Friends in High Places

“What’s trump?” I asked looking around the table of friends.

I’d invited everyone over to play cards on a warm Friday night in June.  Zach was upstairs asleep and we were listening to Jimmy Buffett on the CD player in the kitchen as we talked and drank and played.  The one advantage to my current living situation was that I could have friends over whenever I wanted.  It was small consolation, but I was trying to keep my head above water these days.

My friends were concerned about me, certainly after the last bit of news about my father had surfaced.  None of them knew at all what to do or say, but they kept showing up unexpectedly to share a takeout meal or to offer to watch Zach while I went out with some of the rest of the group.  They could sense I was pulling back from them, uncomfortable with sharing how sad and alone I felt.  I didn’t want to always wear the cheery mask that I felt was necessary to keep my friends satisfied.   What was becoming clear to me was that my friends didn’t care if I was sad or bitter; they would do what they could to help me until the clouds parted and I found something in my life to smile about.

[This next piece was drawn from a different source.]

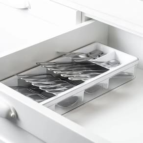 A Linha Clear é a união entre transparência e organização que independente do ambiente, promove um design perfeito para organizar e aumentar o espaço das suas gavetas. O organizador de talheres foi pensado para permitir diversas composições e proporcionar máximo aproveitamento de espaço nas gavetas, por isso, traz 5 opções de organização e ícones indicando a setorização dos talheres. Combine, encaixe e enxergue facilmente o conteúdo, mantendo tudo em ordem. Produzido em material resistente que proporciona alta transparência, fácil higienização e praticidade na hora de organizar. A linha clear é indispensável para auxiliar você na organização da sua casa.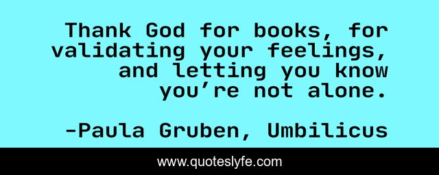 This page presents the quote "Thank God for books, for validating your feelings, and letting you know you’re not alone.". Author of this quote is Paula Gruben, Umbilicus. This quote is about validate, books, reading, validation,.

“Hearts,” Karen responded, grabbing a swig of her wine cooler.  “So, what’s the latest on the job hunt?” she asked.

“Well, it’s mostly crap.  Summer school jobs go to teachers who are already employed within school districts, not substitutes.  There are more teachers than jobs to go around, so that’s completely out for summer income.  My friend Michelle had an idea, but I’m not sure about it.”

“What is it?” asked Karen’s boyfriend Joe.  Joe was a nice, big, bear of a guy who had been dating my friend Karen for the better part of a year now.  He was easy going, reminding me a lot of my brother in law.  He worked construction and hadn’t gone to college.  Privately, Karen worried that she was a snob for this giving her pause when Joe was as nice as he could be.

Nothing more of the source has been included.